The Robovac can be operated via remote control or switched and left alone. Pic/Sameer Markande
As a journalist, this writer's favourite excuse to wriggle out of any housework is "I need to rush for a story." The supposed therapeutic effects of cleaning aside, some chores like sweeping are simply too boring and back-breaking, quite literally, AND the vacuum cleaner, while effective, also requires attaching extensions, plugging in and out, and moving around a lot.
Which is why investing in a robovac - a robotic vacuum cleaner - was a good idea. The small, compact machine is battery powered and has sensors to guide it around the house without getting stuck in furniture or other household items. This writer has been using the robovac for a little over a month now, and it is a very smart investment to make.
The small wonder comes with its own charging dock and a remote control, but the latter only needs to be used when you want some specific area cleaned or to change modes. The robovac can do focused cleaning by moving in circles in one area, clean an entire room by moving up and down its length or can be set to auto mode, where it decides for itself where to activate which style of cleaning. The short but stout bristles fixed at two spots under the machine's round frame move in a circular motion, gathering dust and scooping it into a small compartment inside its frame. Once you're done, you simply need to open the lid, empty out the compartment and place it back in. The robovac also has a mopping function, where you can fill water inside a separate compartment and attach removable patches of cloth that draw water and mop the floor.
After use, simply guide it close to its charging dock and press the âhome' button, and watch it smoothly move towards the dock and come to rest perfectly in a position where its charging strips align with the dock's, and charging begins automatically. Like most smart people, it will let you know when it's had enough - it emits loud beeps when fully charged.
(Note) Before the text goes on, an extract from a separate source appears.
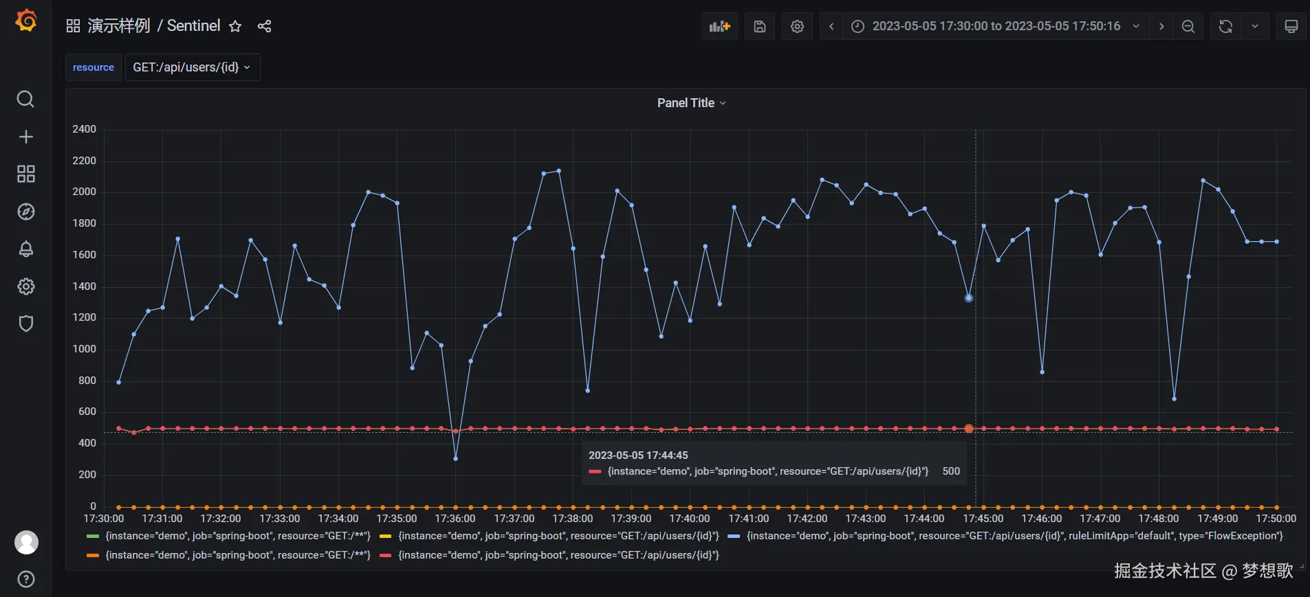 由于 Sentinel Dashboard 开源版本没有实现监控数据的持久化,只能查看 5 分钟的内存数据。在项目初期,我们没有足够的精力对 Sentinel 进行改造,因此,将 Sentinel 的监控数据集成到 Prometheus,并导入到 Grafana 可视化管理。

On the plus side, the robovac needs very little attention once you let it loose, provided there are no items on the floor that its bristles could get stuck in. The device is capable of sensing most obstacles and turning around, and even if it does bump into something, its deliberate slow motion ensures no damage. Once in a while, it will try to go toe to toe with a particularly large piece of furniture but quickly realise the futility of its bravado and change course.
On the other hand, however, the size of the device means that it can only clean open and accessible areas. It does clean very well - the floor will look and feel cleaner once it's done - but it can't reach into narrow gaps and crevices the way a traditional broom or a vacuum cleaners nozzle can. Especially if you're a stickler for cleanliness, this can be a put off, as you know there are dusty corners all over the house. Our suggestion, use robovac for everyday sweeping only.